Me llevan al shock room, una sala que se oculta detrás de la guardia y adonde llegan todos los casos urgentes. Salvo mi cama, todas están vacías. Me colocan suero y un enfermero en remera me trae una manta para darme calor. Ya voy varias horas temblando y razono que debe de ser algo bueno para los músculos. Me río al pensar que tengo electrodos gratis hace más de cuarenta y ocho horas.
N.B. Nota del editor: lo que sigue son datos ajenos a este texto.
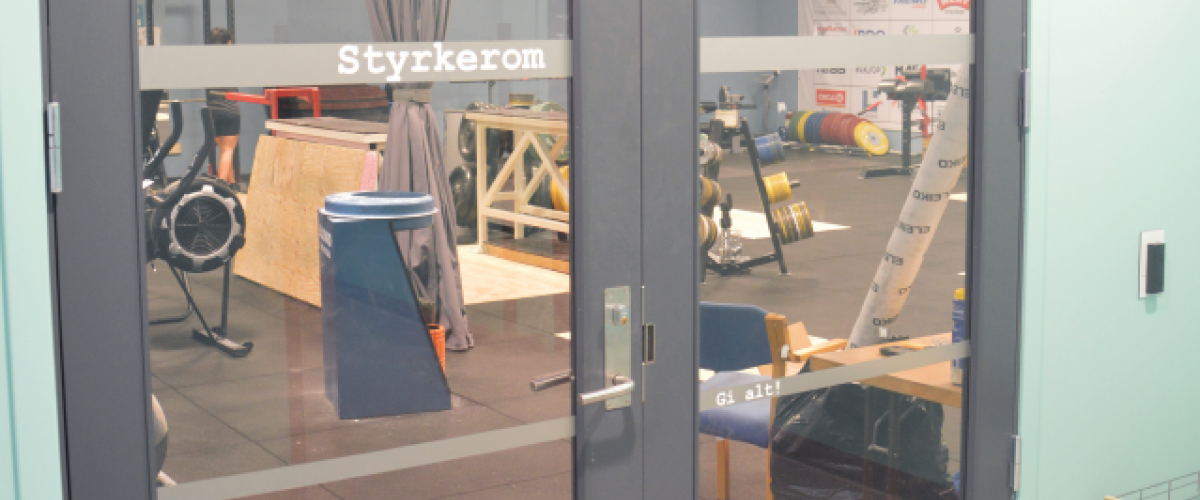 Lokalet for styrkeidrett er på 193 kvm og har en fri takhøyde på 3,2 meter. Det er ikke noe stolper i rommet, så hele arealet kan brukes til aktivitet. Adgang til rommet er via to glassdører; én hovedinngang fra barfotagang og garderober, og én dør som går ut i et annet gangparti. Det er store vinduer (totalt 6 x 3 meter) mellom styrkerommet og basishallen, som gir et åpent inntrykk og samspill mellom lokalene. Det var ikke mulig å bygge vinduer mot utsiden, da tomtegrensen var maks utnyttet og det gikk ikke å sprenge bort mer utenfor for å kunne åpne opp for vinduer. Derfor er vinduene mellom basishallen og styrkerommet viktige for å unngå følelsen av "kjellerlokale".
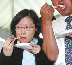 “拜票輕松”:民進黨主席候選人蔡英文(左)2日拜會民進黨“立法院”黨團尋求支持,并參加在臺“立法院”內廣場舉行的恒春洋蔥料理促銷活動,品嘗優質洋蔥料理。(臺灣《中國時報》圖片)

Entra una mujer que sufrió un asalto a una cuadra de aquí. No la veo, cerraron las cortinas alrededor de mi cama y estoy aislado del exterior. Su voz es la de una anciana. Gime, tiene un fuerte dolor en el brazo. Le arrancaron la cartera, tropezó y la arrastraron varios metros durante el robo. Perdió el audífono y le cuesta escuchar a los enfermeros cuando intentan tranquilizarla. Le preguntan por algún pariente, alguien que pueda venir a acompañarla, pero nada, no tiene a nadie. Aguarda la muerte en un departamento a pocas cuadras de aquí, pero ya no tiene las llaves que estaban en su cartera y está sola esperando que un médico le arregle ese brazo que no deja de dolerle. Llora, lo hace casi en silencio. Repasa una y otra vez el momento en que le tiraron de la cartera y no encuentra explicación a lo que le sucedió. Se echa la culpa, quizá le dio a entender al ladrón que tenía dinero. Pero no, apenas unos pocos pesos para ir a la verdulería. Era un chico joven, ¿por qué no estaba en la escuela?, se pregunta.
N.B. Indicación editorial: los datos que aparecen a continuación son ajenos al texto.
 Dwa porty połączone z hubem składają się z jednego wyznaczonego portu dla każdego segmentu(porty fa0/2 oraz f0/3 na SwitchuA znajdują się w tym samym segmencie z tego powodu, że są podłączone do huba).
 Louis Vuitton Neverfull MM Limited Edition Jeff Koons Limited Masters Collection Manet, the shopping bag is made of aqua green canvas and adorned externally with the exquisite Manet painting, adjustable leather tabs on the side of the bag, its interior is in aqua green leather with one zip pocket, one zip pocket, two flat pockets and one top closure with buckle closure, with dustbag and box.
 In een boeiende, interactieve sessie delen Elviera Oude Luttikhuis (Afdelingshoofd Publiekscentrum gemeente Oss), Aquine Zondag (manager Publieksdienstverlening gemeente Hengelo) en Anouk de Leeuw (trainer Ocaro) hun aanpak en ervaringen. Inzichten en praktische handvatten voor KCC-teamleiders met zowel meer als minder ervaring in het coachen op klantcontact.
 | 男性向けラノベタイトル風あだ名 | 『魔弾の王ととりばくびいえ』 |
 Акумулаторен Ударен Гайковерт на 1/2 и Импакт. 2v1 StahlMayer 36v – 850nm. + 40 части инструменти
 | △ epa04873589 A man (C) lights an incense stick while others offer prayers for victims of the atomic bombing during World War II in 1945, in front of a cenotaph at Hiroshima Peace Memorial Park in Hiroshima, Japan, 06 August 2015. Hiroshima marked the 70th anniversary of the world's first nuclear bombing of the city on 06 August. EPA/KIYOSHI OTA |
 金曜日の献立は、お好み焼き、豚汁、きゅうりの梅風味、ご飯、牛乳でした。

La abuela solloza, tiene dolor y no tiene nietos que se preocupen por ella. Sus parientes viven muy lejos, dice. No se acuerda de sus números de teléfono. Pobre vieja. El enfermero se compromete a conseguirle un cerrajero para que pueda entrar a su casa. Le ofrece otro calmante y llega el doctor para ver el brazo. Alguien pregunta por la señora que sufrió un robo; han encontrado la cartera en la calle. Una persona siguió a los ladrones, que a los pocos metros tiraron la bolsa de la mujer sin haber encontrado más que los pocos pesos que la viejita iba a usar para comprar una calabaza, dos tomates y alguna fruta. Fue un señor el que encontró el bolso, juntó las cosas y vino para el sanatorio a encontrar a su dueña, que ahora podrá entrar a su casa con las llaves de siempre. La vieja gime y se pregunta por qué. La han venido a buscar. Es hora de ir a la sala de rayos X.

El enfermero me pone un termómetro debajo de la axila. La fiebre no baja. No pueden darme más paracetamol y lo que sea que me estén dando. Llega Angie. María la llamó al trabajo y le dijo que era mejor que me acompañara y estuviera a mi lado. Entonces el enfermero se va y vuelve con cuatro bolsas de hielo que me coloca debajo de las axilas. El celular marca que ya son las cuatro de la tarde, estoy acá desde las nueve de la mañana y apenas comí algo con gusto a nada, de esas viandas que comen los pacientes de los hospitales. El hielo me baja apenas la fiebre. Ahora está derretido. Llega María con otra tanda de resultados y me dice que van a internarme. En un rato me buscan con una ambulancia, no queda lugar aquí y me tienen que trasladar al Instituto Argentino de Diagnóstico y Tratamiento.

Nunca viajé en ambulancia. No es que alguna vez lo haya deseado, pero siempre me dio curiosidad. Aprovecho para sacarme una selfie y enviársela a mis amigos por WhatsApp. “Les mando un abrazo”, digo con una sonrisa. Miro mi entorno y me siento ajeno a la situación. Hace menos de una semana estaba jugando al tenis y ahora estoy rodeado de tubos de oxígeno, camillas y aparatos para revivir pacientes. Por momentos, siento que me divierto en esta aventura a lo desconocido. Desde donde estoy no puedo ver nada, ni siquiera a Angie, que se encuentra sentada detrás de mí y me sonríe cada vez que me doy vuelta. La ambulancia es un fiasco, respeta los semáforos y el chofer conversa con el enfermero que lo acompaña de copiloto. Siento escalofríos y estoy tranquilo. Mis amigos preguntan qué pasa y solo llego a contestar “Estoy jodido, amigos”.